-- Opening Marker --

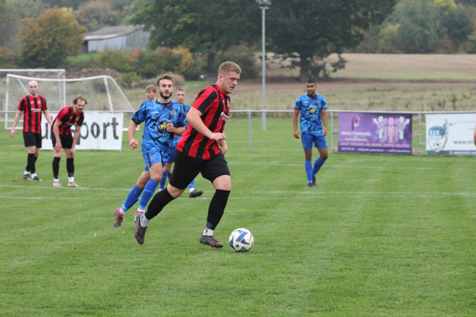 Alcester responded determinedly, and their persistence paid off in the 70th minute. Skelton, in sensational form, drove into the box, shifted onto his left foot, and slotted the ball into the bottom corner to equalise, his eighth goal in as many games, much to the delight of the home supporters.
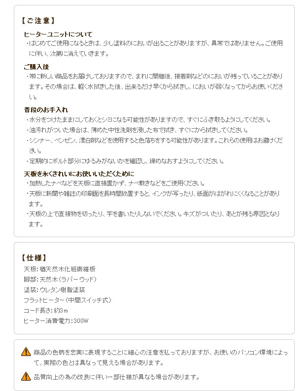 材質:天板-天然木化粧繊維板(ナラ)、こたつ布団(表地・裏地)-綿100%〔Aエステルストライプ表地-ポリエステル100%〕
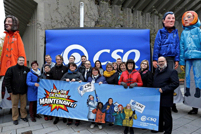 Québec, le 24 octobre 2019. – Profitant de la tenue à Québec de leur conseil général, près de 200 déléguées et délégués de la Centrale des syndicats du Québec (CSQ) se sont rendus jusqu’au Secrétariat du Conseil du trésor où ils se sont mobilisés pendant que leurs représentantes et représentants déposaient leurs demandes en vue de la prochaine négociation dans le secteur public.
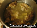 Ножки сварить в скороварке с лавровым листом, перцем и 1 луковицей, разрезанной пополам. Варить в позиции 2, 20 минут после начала выхода пара.
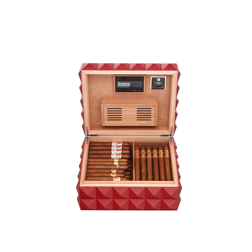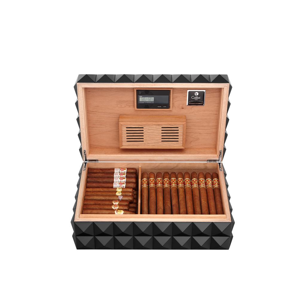In addition, two new 12” wide models (100-125 cigar capacity) will be introduced in two new colors, a metallic black and a matte red. Only 200 units of each will be produced. Each will be serialized on the Colibri plaque located on the inner lid. Suggested retail is $1,500.
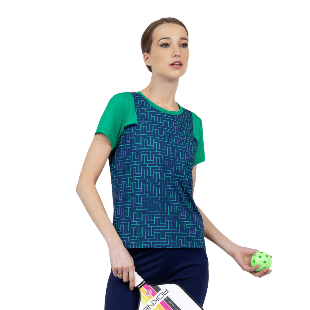 inPhorm NYC Colorblock Active Sofia Short Sleeve Crew Neck - Ink Tessel/Ivy

-- Closing Marker --

Assignment:
Repeat the entries exactly as they are given, leaving out each image.

Task response:
 Alcester responded determinedly, and their persistence paid off in the 70th minute. Skelton, in sensational form, drove into the box, shifted onto his left foot, and slotted the ball into the bottom corner to equalise, his eighth goal in as many games, much to the delight of the home supporters.
 材質:天板-天然木化粧繊維板(ナラ)、こたつ布団(表地・裏地)-綿100%〔Aエステルストライプ表地-ポリエステル100%〕
 Québec, le 24 octobre 2019. – Profitant de la tenue à Québec de leur conseil général, près de 200 déléguées et délégués de la Centrale des syndicats du Québec (CSQ) se sont rendus jusqu’au Secrétariat du Conseil du trésor où ils se sont mobilisés pendant que leurs représentantes et représentants déposaient leurs demandes en vue de la prochaine négociation dans le secteur public.
 Ножки сварить в скороварке с лавровым листом, перцем и 1 луковицей, разрезанной пополам. Варить в позиции 2, 20 минут после начала выхода пара.
In addition, two new 12” wide models (100-125 cigar capacity) will be introduced in two new colors, a metallic black and a matte red. Only 200 units of each will be produced. Each will be serialized on the Colibri plaque located on the inner lid. Suggested retail is $1,500.
 inPhorm NYC Colorblock Active Sofia Short Sleeve Crew Neck - Ink Tessel/Ivy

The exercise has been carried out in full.